Published online by Cambridge University Press: 05 July 2012
Analyzing the behaviors of people in smart environment using multimodal sensors requires to answer a set of typical questions: who are the people? where are they? what activities are they doing? when? with whom are they interacting? and how are they interacting? In this view, locating people or their faces and characterizing them (e.g. extracting their body or head orientation) allows us to address the first two questions (who and where), and is usually one of the first steps before applying higher-level multimodal scene analysis algorithms that address the other questions.
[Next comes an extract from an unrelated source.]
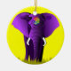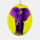 Purple elephant with OM symbol stands on grass with a yellow background. Never underestimate an elephant. Some believe they are a symbol of good fortune
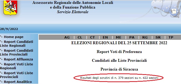 Ore 10.40 del 28 settembre 2022. A tre giorni dall’election day ed a 45 ore dall’avvio delle operazioni di spoglio, sul sito del servizio elettorale regionale l’unica provincia senza dati definitivi è quella di Siracusa. I candidati hanno potuto consultare in Prefettura i numeri finali che, però, non sono ancora stati caricati dal servizio dell’assessorato regionale alle Autonomie Locali. I cittadini-elettori, a tre giorni dal voto, devono “accontentarsi” di 379 sezioni su 422 provinciali.

In the last ten years, tracking algorithms have experienced considerable progress, particularly in indoor environment or for specific applications, where they have reached a maturity allowing their deployment in real systems and applications. Nevertheless, there are still several issues that can make tracking difficult: background clutter and potentially small object size; complex shape, appearance, and motion, and their changes over time or across camera views; inaccurate/rough scene calibration or inconsistent camera calibration between views for 3D tracking; real-time processing requirements. In what follows, we discuss some important aspects of tracking algorithms, and introduce the remaining chapter content.
Scenarios and Set-ups. Scenarios and application needs strongly influence the considered physical environment, and therefore the set-up (where, how many, and what type of sensors are used) and choice of tracking method. A first set of scenarios commonly involves the tracking of people in the so-called smart spaces (Singh et al., 2006).